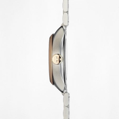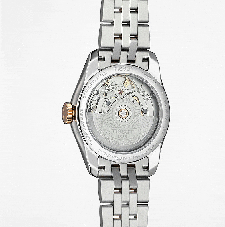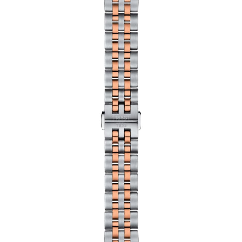 This ladies' model of the Tissot Ballade with chronometer certification has a white mother-of-pearl dial with Arabic numerals and indices and a scratch-resistant sapphire crystal. The bicolor 316L stainless steel case with rose gold PVD coating has a transparent case back and the solid bicolor 316L stainless steel bracelet with rose gold PVD coating has a butterfly clasp with pushers.
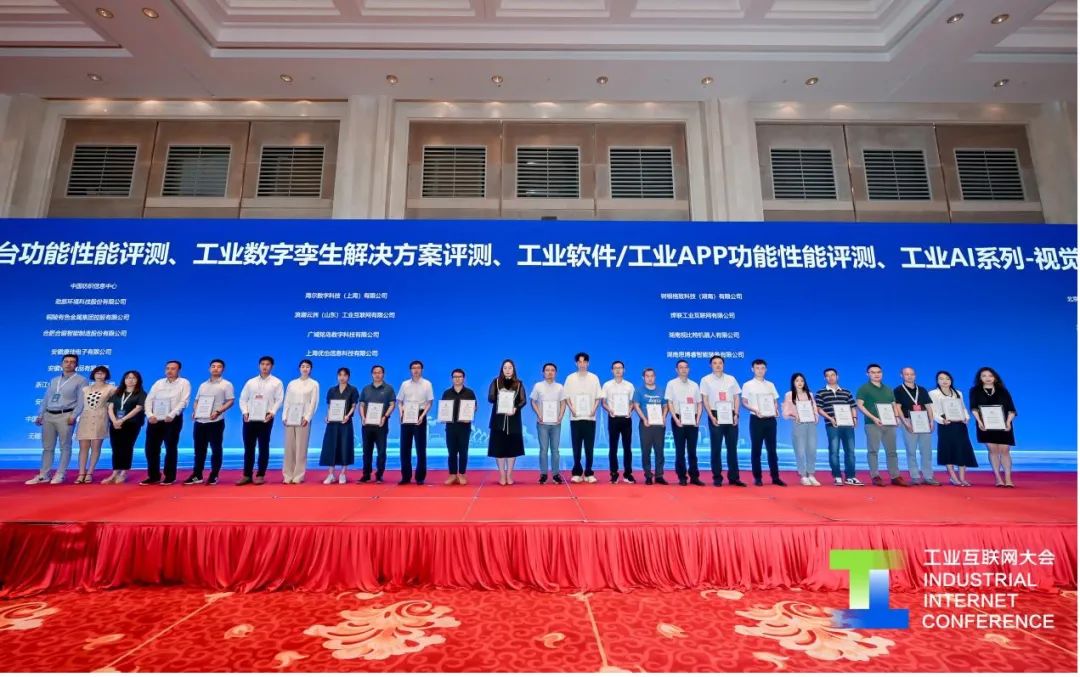 本次公布的評測結果共涵蓋工業互聯網平臺功能性能評測結果、工業數字解決方案孿生評測結果、工業軟件/工業APP功能性能評測結果、工業AI系列產品評測結果四部分,工業互聯網產業聯盟有關領導現場為獲證企業頒發了證書。
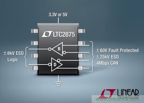 【導讀】近日,凌力爾特公司推出極其堅固的高壓容限 CAN (控制器局域網) 收發器 LTC2875,該器件無需配置昂貴的外部保護設備,極大地減少了現場故障。在實際的 CAN 系統中,安裝跨接線故障、閃電導致的浪涌電壓以及接地電壓故障可能引起超過典型收發器絕對最大額定值的過壓情況。
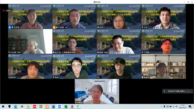 5月27日-28日,医疗器械学院2022届联合培养研究生答辩会在线上顺利举行,李晓欧、刘巧红、陈正龙、严加勇、孟青云、高亚罕6位导师的10位研究生参加答辩,他们分别是杨越琪、郑小涵、朱岩、刘佳伟、刘存珏、薛昊轩、李敏吉、郭国栋、于剑锋、单彤,同时邀请了上海大学、上海市杨浦区精神卫生中心、恩识医疗科技(上海)有限公司、上海市医疗器械检验研究院等单位专家组成答辩委员会。论文内容涵盖了便携式脑电调控系统设计、非接触式生理信号检测、医学图像自动分割和重建算法、呼吸机潮气量控制系统设计、手功能康复训练系统、多特征融合脑电信号情绪识别、超声心动图斑点跟踪算法、甲状腺三维可视化系统等方面的研究。
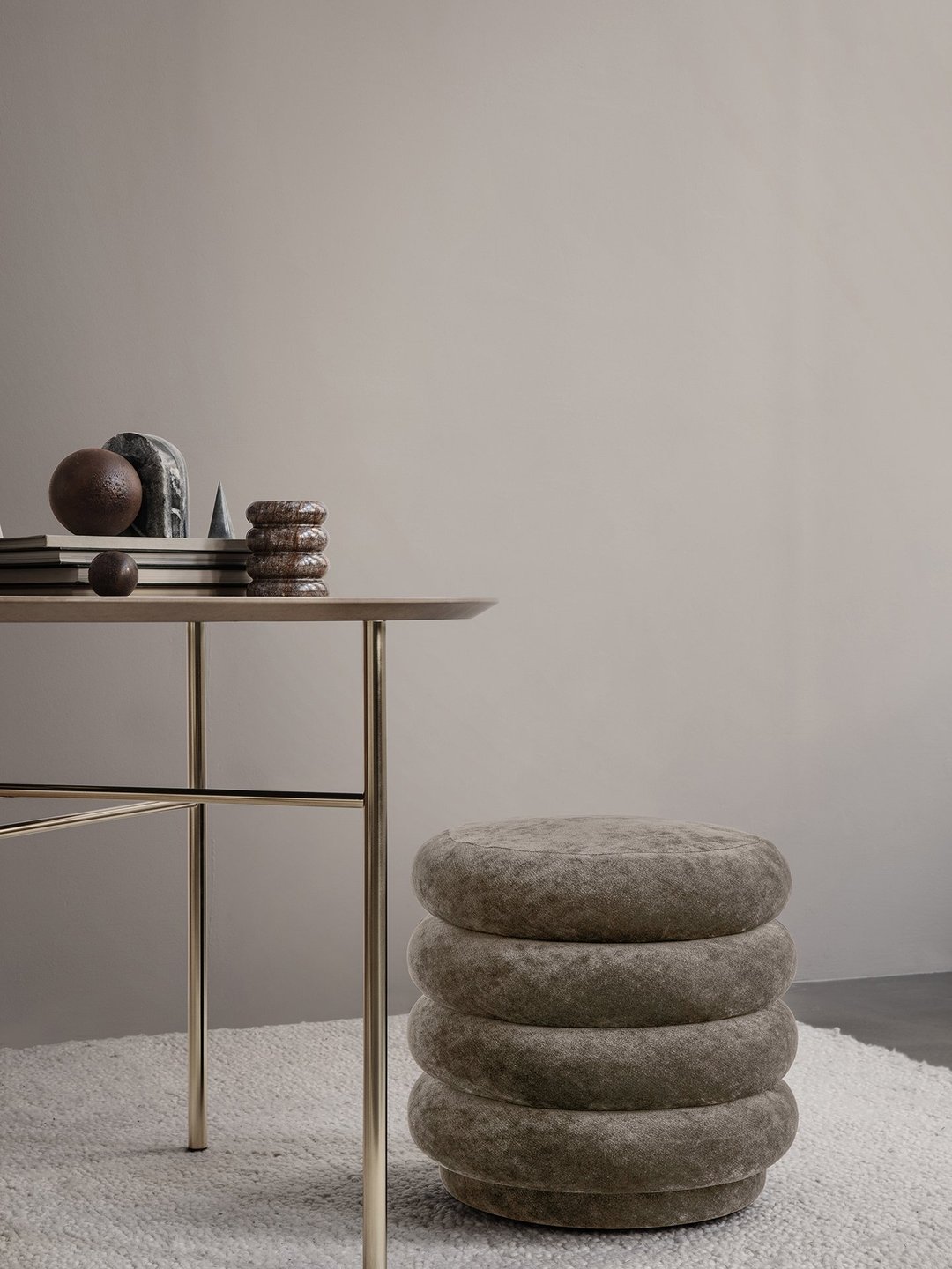 Contrasts are not only captivating to the eye but will also bring engaging dimensions to a room. The poufs with two levels form a graphic element, which combines softness with a modern interior. The rounded lines shape the distinct design in line with our fascination of geometry and emphasise its simple and natural form, producing a more organic expression in your home. The poufs are made of high-quality faded velvet, creating an exclusive and durable seat..
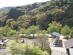 左: トイレ棟前から岩肌を見せる幕山に向う。ロッククライミングにも利用されている岩壁の山裾には広い梅林が続き、遊歩道が整備されている。
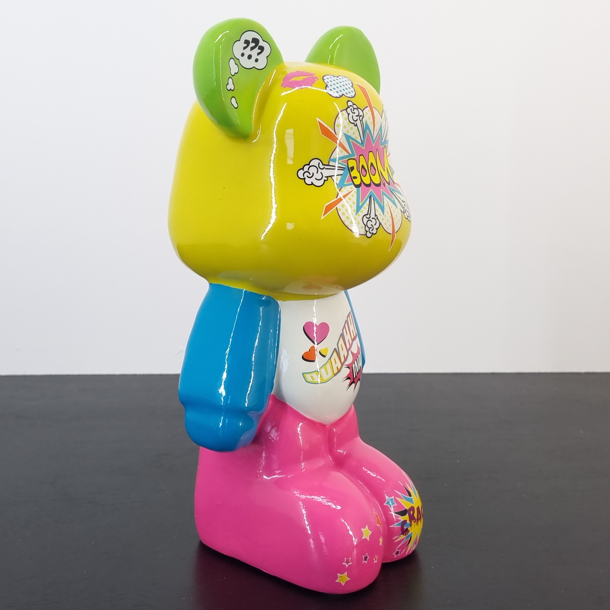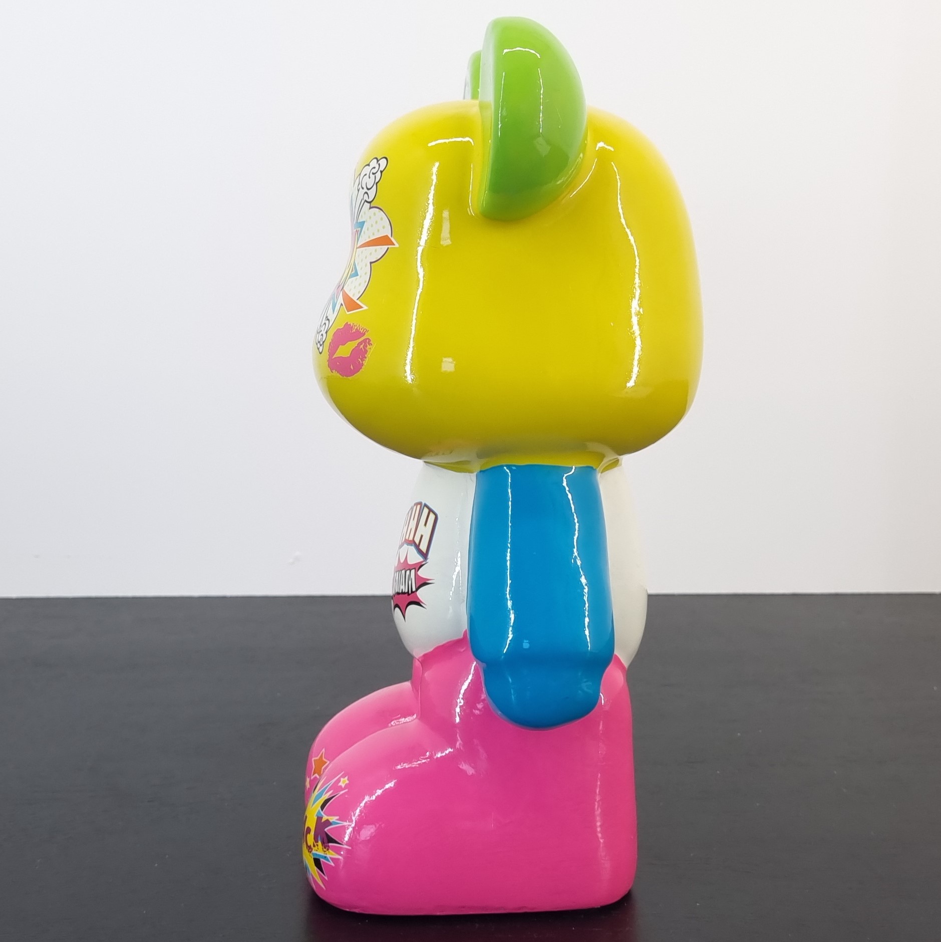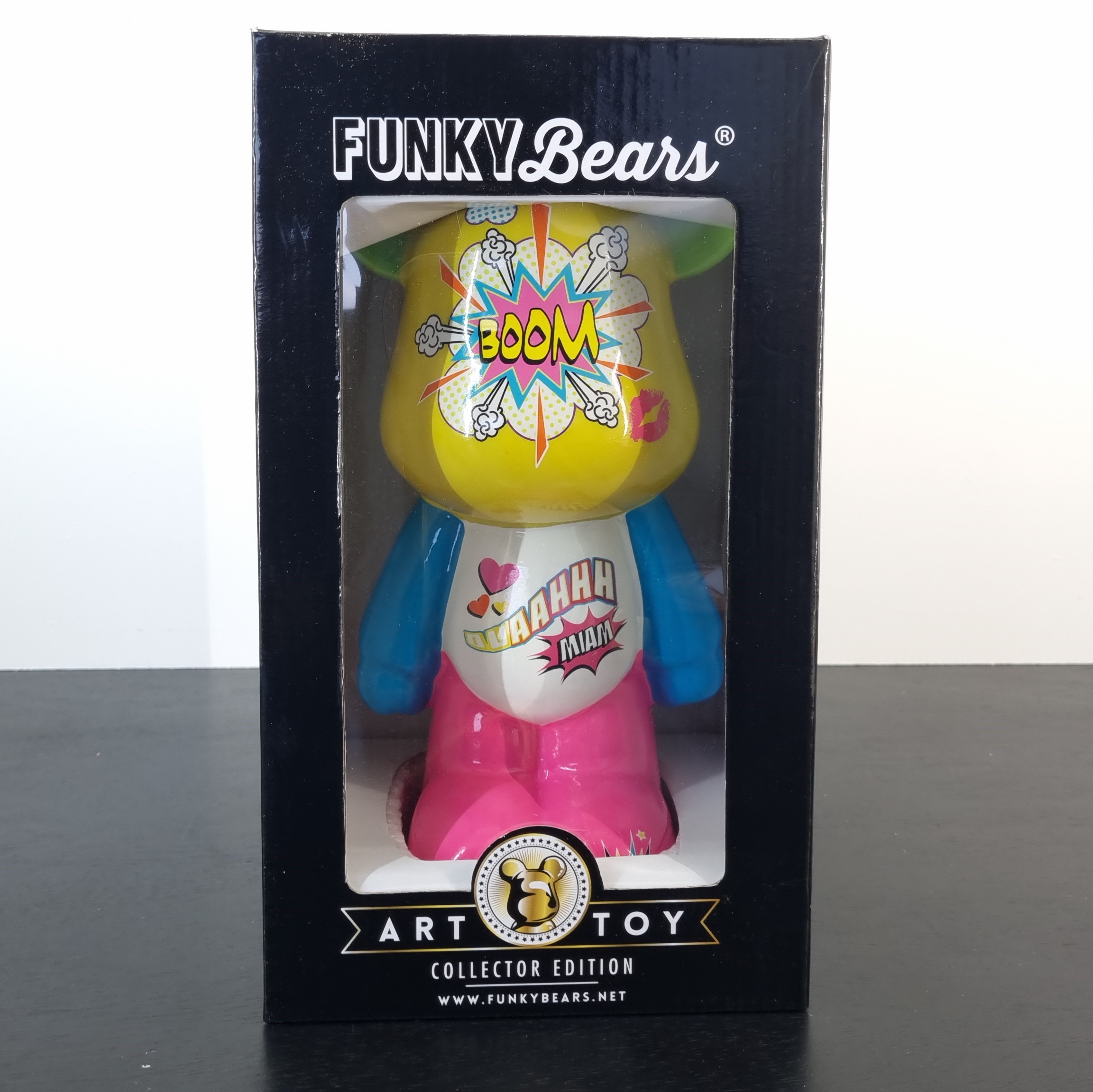 This unique statue from the Funky Bears® collection was crafted by Tropico Diffusion and is part of their Avenue of the Stars product line. Produced between 2014 and 2016. Crafted from durable polyresin, this vintage art toy remains in excellent condition. This is a limited edition statue. This vibrant bear features a yellow face, green ears, blue arms, a white belly, and pink legs and feet. With a comic-style “BOOM” explosion on its face and the text “Yeah,” this Funky Bear is perfect for those who love dynamic and colorful designs. Add a burst of fun and excitement to your collection with this lively and energetic piece!

________________________________________

▶ [EXERCISE AIM] Only the lines from the one containing "左: トイレ棟前から岩肌を見" through the end of the records are wanted, set down exactly and without their pictures.

▶ [TASK SOLUTION]
 左: トイレ棟前から岩肌を見せる幕山に向う。ロッククライミングにも利用されている岩壁の山裾には広い梅林が続き、遊歩道が整備されている。
 This unique statue from the Funky Bears® collection was crafted by Tropico Diffusion and is part of their Avenue of the Stars product line. Produced between 2014 and 2016. Crafted from durable polyresin, this vintage art toy remains in excellent condition. This is a limited edition statue. This vibrant bear features a yellow face, green ears, blue arms, a white belly, and pink legs and feet. With a comic-style “BOOM” explosion on its face and the text “Yeah,” this Funky Bear is perfect for those who love dynamic and colorful designs. Add a burst of fun and excitement to your collection with this lively and energetic piece!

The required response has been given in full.